→ **GOAL OF THE EXERCISE**
Write out the entries verbatim and leave the images out of the copy.

***** DATA RECORDS

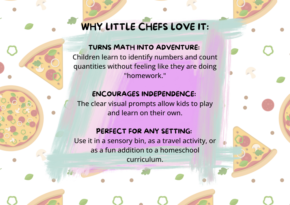 Are you looking for a way to make early math feel like a game? The Pizzaria Counting Kit is a digital printable designed to transform your sensory bin or playroom into a bustling Italian kitchen. Instead of traditional worksheets, children take on the role of a "Chef," following specific recipe orders to build the perfect pizza.
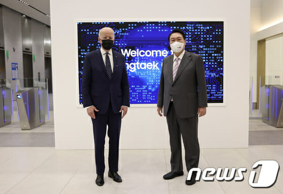 윤석열 대통령과 조 바이든 미국 대통령은 지난 20일 삼성전자 평택 공장에서 회동해 양국간 '반도체 동맹'을 선언했다. 바이든 대통령은 한국 방문의 첫 행선지로 삼성전자 반도체 공장을 택하면서 사실상 동맹국 중심의 안정적인 반도체 공급망 확보를 위해 추진하는 '칩4(한국-미국-일본-대만) 동맹'에 한국의 동참을 이끌어 낸 셈이다. 또한 자국 내 텍사스주 테일러시에 지어질 삼성 반도체 공장을 간접적으로 대외에 알리면서 11월 중간 선거에 대비한 효과까지 얻었다.
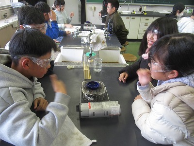 においや残るもの等、結果から分かることは何か、気づいたことは何かを深めて学習しています。何より、怖がりすぎずかつ安全に操作をして実験に取り組んでいる姿がとても素敵です♪
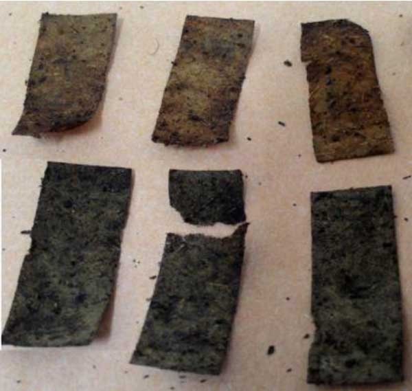 圖2:觀察12周后的紙形態(tài),無納米活性炭的紙(上)和含有納米活性炭的紙(下)。
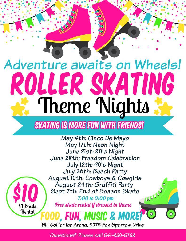 December 16, 2025 « All Events This event has passed. End of Season Skate September 7, 2024 @ 7:00 pm - 9:00 pm $10 « Farmers Market 🌤 63°F / 92°F » FREE SKATE RENTAL IF DRESSED IN THEME Add to calendar Google Calendar iCalendar Outlook 365 Outlook Live Details Date: September 7, 2024 Time: 7:00 pm - 9:00 pm Cost: $10 Event Category: Leisure Venue Bill Collier Ice Arena 5075 Fox Sparrow Dr. Klamath Falls, OR 97601 United States + Google Map Phone (541) 850-5758 View Venue Website
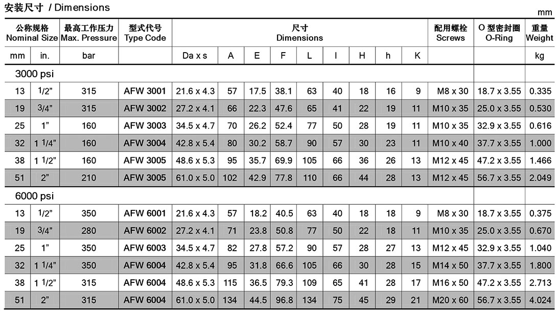 Ⅴ、密封件:法兰产品全部采用O型圈(O-Ring)密封,密封圈材料为丁晴橡胶(NBR),按订货要求,也可提供氟橡胶(FPM)O型圈。
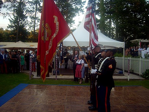Anlässlich des 240. Jahrestages der Unabhängigkeit der Vereinigten Staaten von Amerika am 4. Juli luden die Botschafter, I.E. Alexa L. Wesner und Blaine F. Wesner, der Stv.-Ständige Vertreter bei den Internationalen Organisationen in Wien, S.E. Henry S. Ensher und Mona Ensher sowie der Ständige Vertreter bei der OSZE, S.E. Daniel B. Baer und Dr. Brian J. Walsh am 29. Juni 2016 zu einer Tri-Mission Garden Party. Eine wunderbare Idee, da ja gerade die Botschafter der Vereinigten Staaten von Amerika mehr Freunde als Platz haben, überlegten sich die Gastgeber schon vor Jahren, wie die Einladung zum Unabhängigkeitstag so harmonisch und angenehm als möglich für die Gäste gestaltet werden könnte. Und so findet der Empfang in drei Gruppen statt, wobei in jeder Gruppe die Nationalhymen von Österreich und den U.S.A. gespielt, die Nationalfarben präsentiert werden und alle drei Botschafter Ihre Begrüßungsansprachen halten. Die Bewirtung der Gäste ist trotz der großen Zahl hervorragend organisiert und es wurden typische amerikanische Spezialitäten geboten, Bier und hervorragenden Weine rundeten das kulinarische Angebot ab.

**********

→ **RESPONSE TO THIS TASK**
 Are you looking for a way to make early math feel like a game? The Pizzaria Counting Kit is a digital printable designed to transform your sensory bin or playroom into a bustling Italian kitchen. Instead of traditional worksheets, children take on the role of a "Chef," following specific recipe orders to build the perfect pizza.
 윤석열 대통령과 조 바이든 미국 대통령은 지난 20일 삼성전자 평택 공장에서 회동해 양국간 '반도체 동맹'을 선언했다. 바이든 대통령은 한국 방문의 첫 행선지로 삼성전자 반도체 공장을 택하면서 사실상 동맹국 중심의 안정적인 반도체 공급망 확보를 위해 추진하는 '칩4(한국-미국-일본-대만) 동맹'에 한국의 동참을 이끌어 낸 셈이다. 또한 자국 내 텍사스주 테일러시에 지어질 삼성 반도체 공장을 간접적으로 대외에 알리면서 11월 중간 선거에 대비한 효과까지 얻었다.
 においや残るもの等、結果から分かることは何か、気づいたことは何かを深めて学習しています。何より、怖がりすぎずかつ安全に操作をして実験に取り組んでいる姿がとても素敵です♪
 圖2:觀察12周后的紙形態(tài),無納米活性炭的紙(上)和含有納米活性炭的紙(下)。
 December 16, 2025 « All Events This event has passed. End of Season Skate September 7, 2024 @ 7:00 pm - 9:00 pm $10 « Farmers Market 🌤 63°F / 92°F » FREE SKATE RENTAL IF DRESSED IN THEME Add to calendar Google Calendar iCalendar Outlook 365 Outlook Live Details Date: September 7, 2024 Time: 7:00 pm - 9:00 pm Cost: $10 Event Category: Leisure Venue Bill Collier Ice Arena 5075 Fox Sparrow Dr. Klamath Falls, OR 97601 United States + Google Map Phone (541) 850-5758 View Venue Website
 Ⅴ、密封件:法兰产品全部采用O型圈(O-Ring)密封,密封圈材料为丁晴橡胶(NBR),按订货要求,也可提供氟橡胶(FPM)O型圈。
Anlässlich des 240. Jahrestages der Unabhängigkeit der Vereinigten Staaten von Amerika am 4. Juli luden die Botschafter, I.E. Alexa L. Wesner und Blaine F. Wesner, der Stv.-Ständige Vertreter bei den Internationalen Organisationen in Wien, S.E. Henry S. Ensher und Mona Ensher sowie der Ständige Vertreter bei der OSZE, S.E. Daniel B. Baer und Dr. Brian J. Walsh am 29. Juni 2016 zu einer Tri-Mission Garden Party. Eine wunderbare Idee, da ja gerade die Botschafter der Vereinigten Staaten von Amerika mehr Freunde als Platz haben, überlegten sich die Gastgeber schon vor Jahren, wie die Einladung zum Unabhängigkeitstag so harmonisch und angenehm als möglich für die Gäste gestaltet werden könnte. Und so findet der Empfang in drei Gruppen statt, wobei in jeder Gruppe die Nationalhymen von Österreich und den U.S.A. gespielt, die Nationalfarben präsentiert werden und alle drei Botschafter Ihre Begrüßungsansprachen halten. Die Bewirtung der Gäste ist trotz der großen Zahl hervorragend organisiert und es wurden typische amerikanische Spezialitäten geboten, Bier und hervorragenden Weine rundeten das kulinarische Angebot ab.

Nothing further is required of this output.